# Entertainment Forum > Television Discussion > UK Drama >  Benidorm Series 4

## Perdita

A fourth series of Benidorm is being written for transmission in 2011, show creator Derren Litten has confirmed.

Writing on his Twitter page, Litten also revealed that a one-off special will air this year and a live show is being plotted for next year.

"I'm writing a one off special for 2010 and a 4th series for 2011. Also planning a LIVE show for 2011!" he wrote.

The ITV1 comedy started in 2007 and has since run for three series, with the most recent switching to an hour-long format.

----------


## Perdita

Katie Price and Cilla Black are to make guest appearances in Benidorm, it has been announced.

The ITV1 show's creator and writer Derren Litten confirmed the news while speaking at Attitude magazine's Sweet 16 party, describing the pair's involvement as "really exciting".

Litten told The Mirror: "Both women are great signings for the show and I can't wait to work with them. Cilla has basically agreed to play the oldest swinger in town and will really ham it up in a basque and suspenders, all the works.

"The show will be going out in autumn and will be very special. I'm really proud of it."

He added: "I've always wanted to work with Katie too, so we've been in touch with her people and offered her a role playing a completely chavvy Brit abroad, getting them out for the lads and lying by the pool. She probably won't have to do too much acting. It will be more sunbathing and bikini action."

Benidorm's autumn outing will be a one-off special, while a fourth series will follow in 2011.

----------


## alan45

JORDAN is set to make a cameo appearance in holiday comedy Benidorm as a chavvy Brit abroad - alongside veteran Cilla Black who's been signed up as an ageing swinger.
The glamour girl, 31, "won't have to do much acting" according to the show's creator Derren Litten as she transforms herself into a tacky holidaymaker for the ITV1 show.
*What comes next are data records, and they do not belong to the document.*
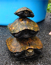 西濃地方で実施した農業排水路での魚類調査において、水路内のほぼ同じ場所でニホンイシガメ3尾と遭遇しました。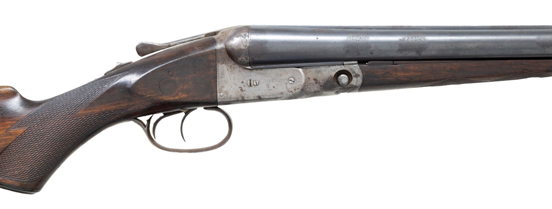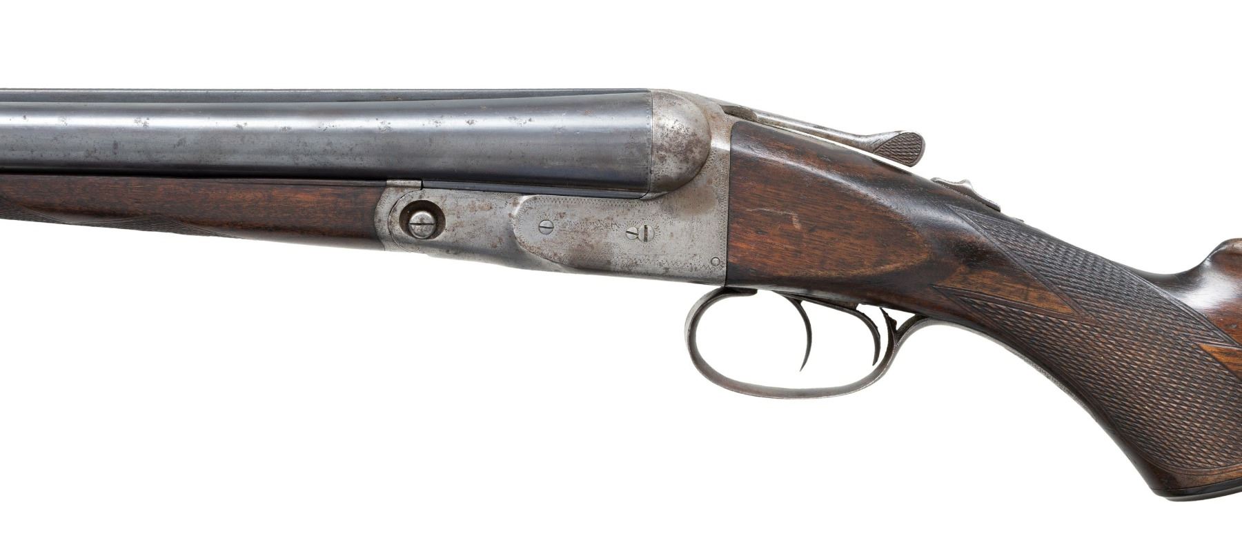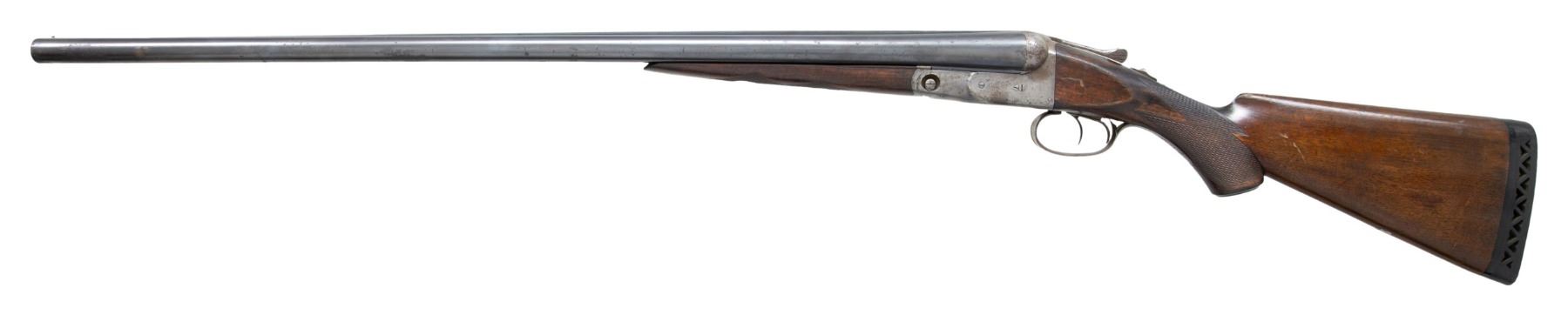 Cal. 12 ga. 2 5/8". S#. 100519. Bbls. 30" of Vulcan steel with fixed F&F chokes. Case colored No. 2 frame boxlock action has border line engraving that extends to the forend iron. Double triggers. Extractors. 2 position safety. Splinter forend & hard rubber capped pistol grip stock of checkered walnut with silver shield in the toe line. LOP: altered to 14 3/8" over an aftermarket leather faced black ventilated pad. Mfg. 1901. Weight 7 lbs., 12.6 oz. CONDITION: bbls have 60% blue with scattered spots of moderate to deep pitting. Action has faded to gray shows spots of pitting. The stock shows light wear & marks with plug type repairs at the head. The forend shows light wear with chips along the right bbl. channel. Properly functioning action shows wear with the top lever sitting slightly left of center. Bores are generally bright showing spots of light pitting. (25-4533/DS). CURIO. $500-800.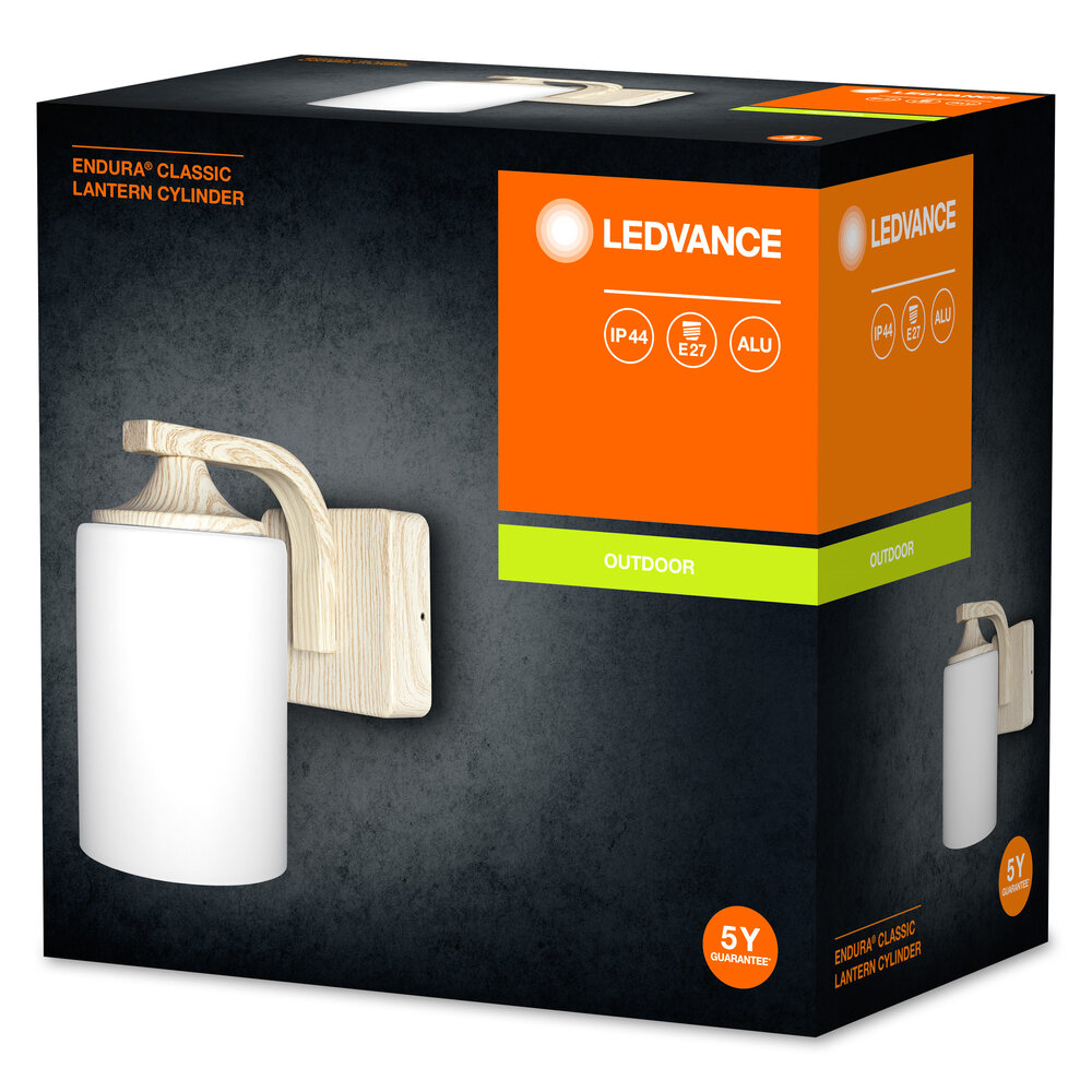 Lampes murales, cylindriques avec diffuseur en verre. Caractéristiques du produit : Diffuseur en verre dépoli. Boîtier en aluminium moulé sous pression. Degré de protection : IP43. Avantages produits : grande flexibilité dans le choix de l’ampoule grâce à la douille E27. Adapté aux applications intelligentes grâce à sa compatibilité avec les lampes Smart+ de LEDVANCE. Installation simple et rapide. Domaines d’application : éclairage d’entrée. Terrasses, balcons. Équipement technique : accessoires de montage et de connexion complets inclus. Aucune ampoule incluse.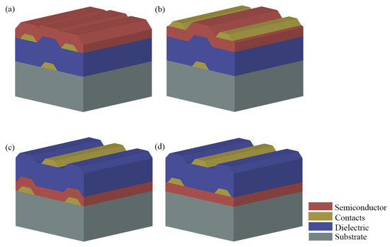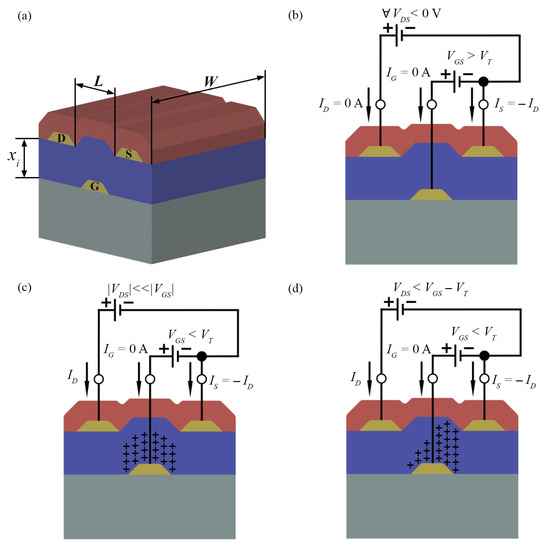 The first operating mode, i.e., the cut-off, as shown in Figure 3b, is defined for (i.e., V), in which the applied is not able to form a conducting path between source and drain, the channel is depleted of holes and the drain-to-source current () is zero. Ideally, the leakage current through the gate dielectric is also considered to be zero.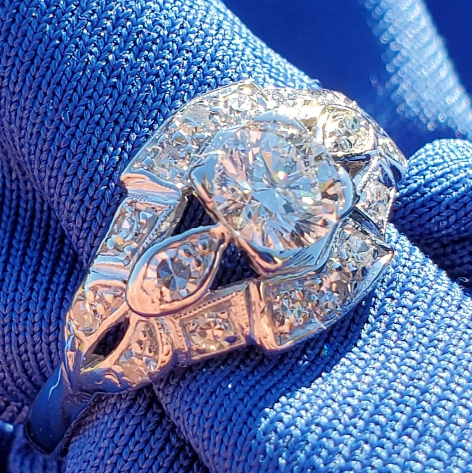 - Earth mined Diamond Deco Gatsby era Engagement Ring Antique Platinum Solitaire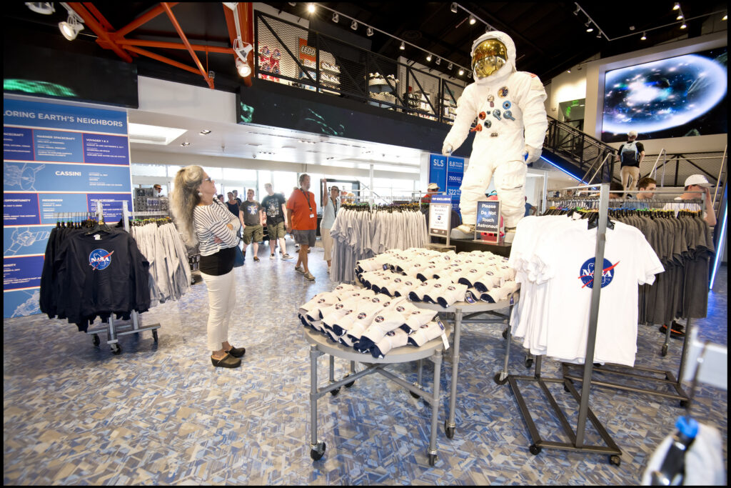 Con una superficie de 1.428 m², la Space Shop (Tienda Espacial) reúne la más amplia selección de productos espaciales del planeta, desde souvenirs y objetos de colección hasta los últimos lanzamientos de la NASA. Ofrece opciones de souvenirs, experiencias interactivas y un punto culminante imperdible: en la segunda planta, los visitantes pueden seguir los pasos de los astronautas al cruzar la histórica plataforma utilizada en la misión Apolo 11. Es el escenario perfecto para capturar un momento inolvidable.
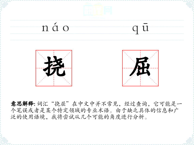 词汇“挠屈”在中文中并不常见,经过查询,它可能是一个笔误或者是某个特定领域的专业术语。由于缺乏具体的信息和广泛的使用语境,我将尝试从几个可能的角度进行分析。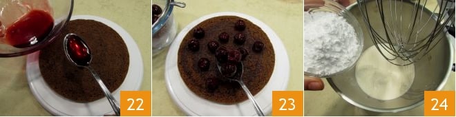Take the first disc and place it on a rather large serving plate, then soak it with part of the cherry syrup you set aside 22, then arrange some of the cherries on the surface 23. Then prepare the Chantilly cream, whipping the cream together with the powdered sugar 24;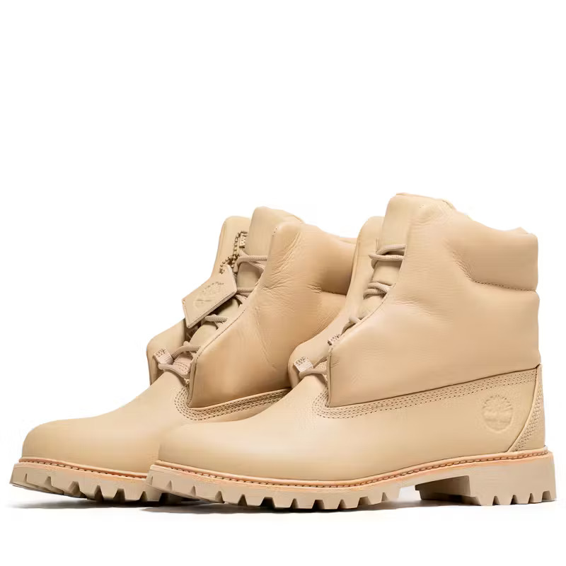 首先,新版本的靴面完全由全粒面皮革制成,甚至内衬也加持顶级皮革素材,以取代典型的磨砂皮革式样。更奢侈的是,Timberland 还为其升级至蓬松结构——在靴子上部填充 PrimaLoft®️ 400g 隔热材料。当然,豪华皮革与蓬松隔热材料的应用也提高了这款靴子的售价,对比普通版的 170 美元,升级版为 250 美元。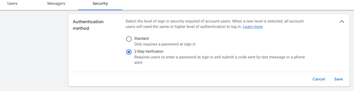 - Is two-factor authentication activated for users with a Standard or Admin access level?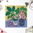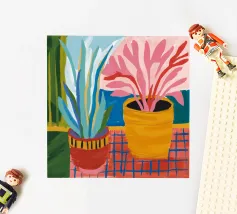 Several potted plants with vibrant flowers and leaves, in uniquely patterned pots, arranged on a surface with a patterned cloth, creating a rich textural and colorful display.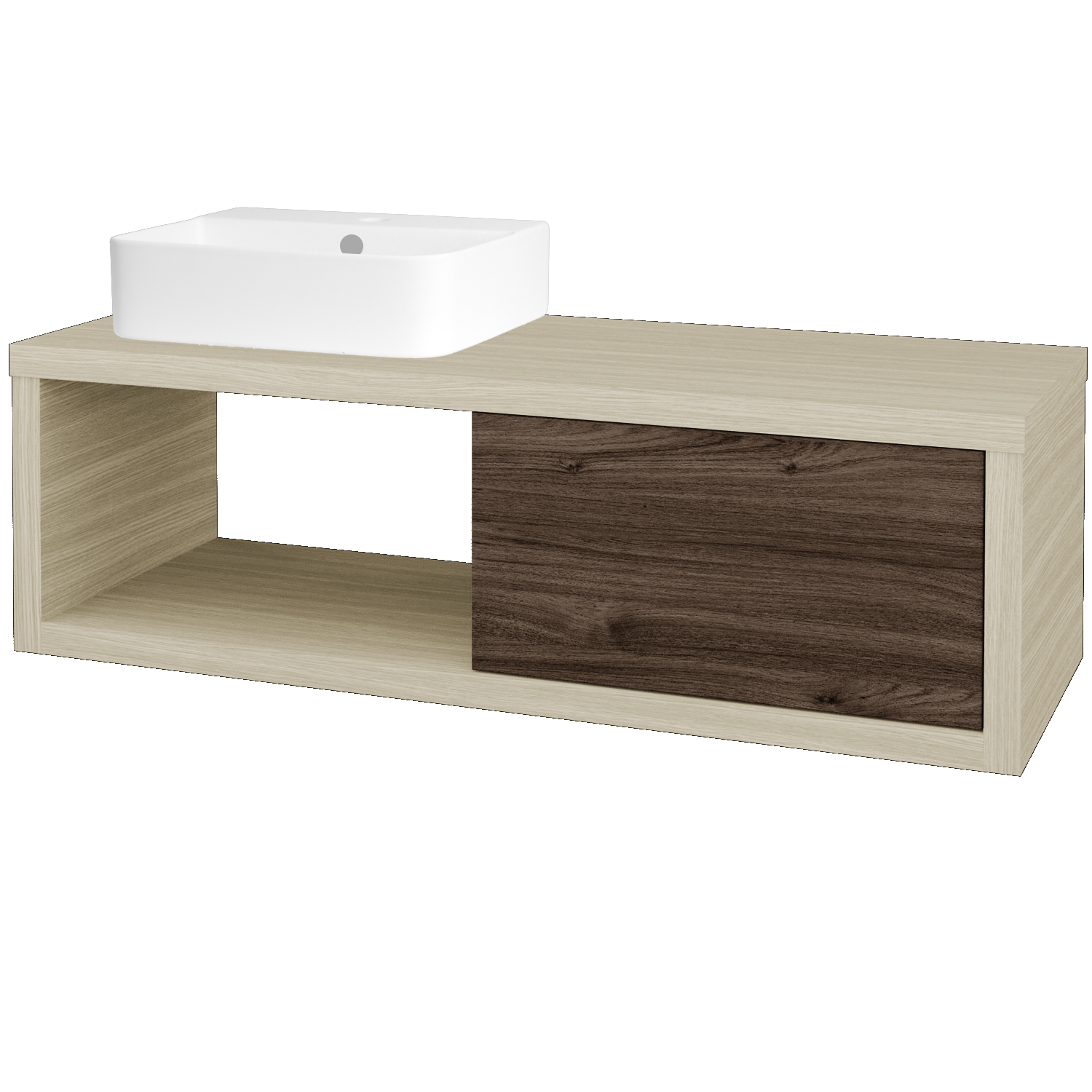 Páči sa vám možnosť mať otvorený výklenok a zároveň potrebujete uložiť niekoľko predmetov do zásuvky? Skvelým riešením je nástenná umývadlová skrinka STORM SZZO 120, ktorá tieto možnosti spája, a to ešte s variabilným umiestnením umývadla a bočným delením pre niku a zásuvku. Je to moderná umývadlová skrinka, ktorá spája minimalistický štýl s praktickou stránkou odkladania predmetov dennej potreby tak, aby nerušili výsledný efekt v kúpeľni.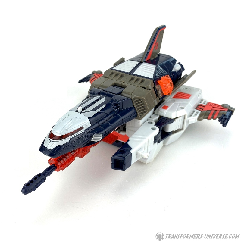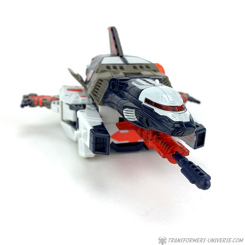 Alternate Mode: Unsurprisingly Skyfire transforms into an aircraft, a futuristic, space-shuttle-like vehicle. It doesn’t look half-bad, but like quite a few jet Transformers it has got a pretty big underbelly (basically the entire robot mode except for the arms) and there is a big empty space directly underneath the cockpit. You can somewhat fill it up by mounting the missile launcher there (and the white lever on top of the cockpit connects to it to fire the missile, nicely done), but it still doesn’t look particularly aerodynamic. Which, yes, it technically does not need to as a space shuttle, but still.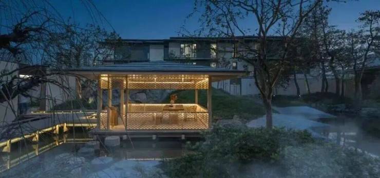 最点睛的创新笔触落在了空中滨水会客厅,门头两侧高达12米的沙朴树,婆娑树影投射在水面。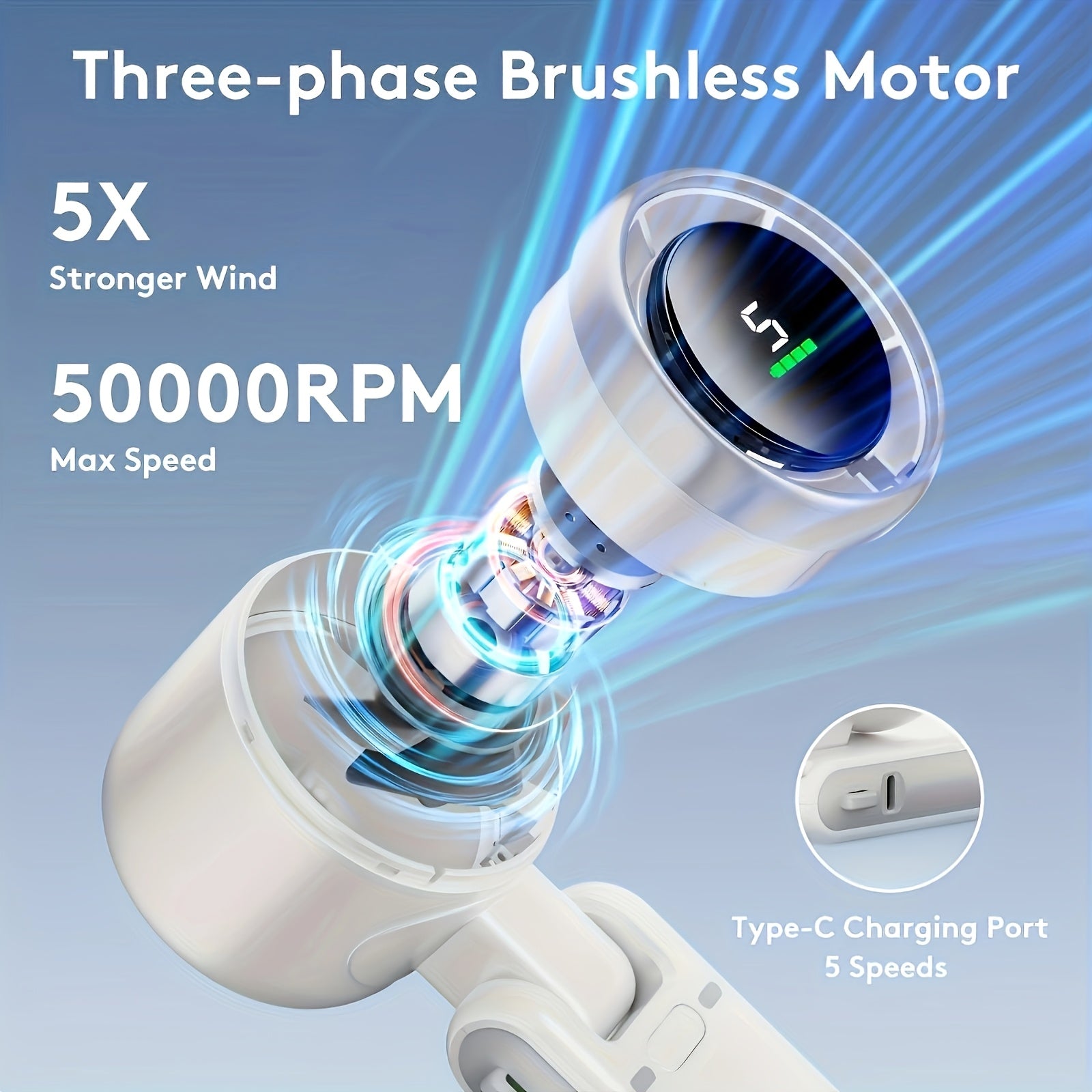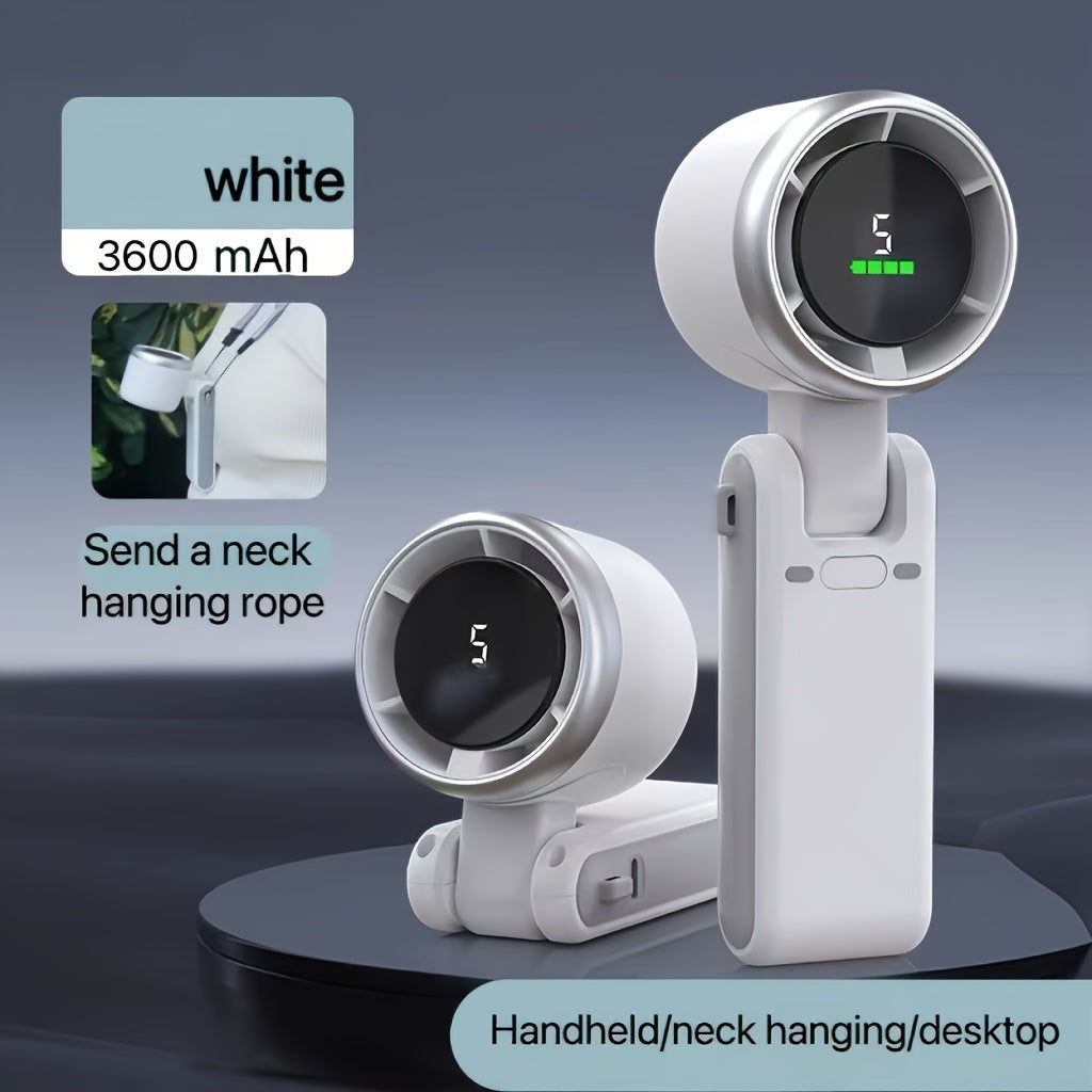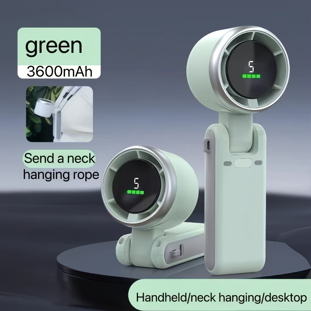 Mini Handheld Fan with 5-Speed Control Digital Display USB Rechargeable for Travel Camping Outdoor Black Gray

He told a newspaper: "I've always wanted to work with Katie, so we've been in touch with her people and offered her a role playing a completely chavvy Brit abroad, getting them out for the lads and lying by the pool.

"She probably won't have to do too much acting. It will be more sunbathing and bikini action."

Apart from stints in her own reality TV shows for ITV2, the mum-of-three hasn't had much acting experience.

But her hubby Alex Reid, 34, might be able to lend her a helping hand.

His flick Killer Bitch recently held its premiere in London.


Former Benidorm star ... Johnny Vegas
But the cage fighter snubbed the event - saying the filmmakers used him for publicity.

Meanwhile, Cilla, 66, is set to show off her impressive body in skimpy clobber for her amusing role.

Derren added at Attitude magazine's Sweet 16 party: "Both women are great signings for the show and I can't wait to work with them. Cilla has basically agreed to play the oldest swinger in town and will really ham it up in a basque and suspenders, all the works."

The show put comedian Johnny Vegas back in the public eye for his role as Geoff Maltby, but he left after the third series.



Read more: http://www.thesun.co.uk/sol/homepage...#ixzz0nFwYMD9Y

At last this pneumatic bimbo has found a job which suits her talents

----------


## Perdita

Geoffrey Hutchings has died at the age of 71.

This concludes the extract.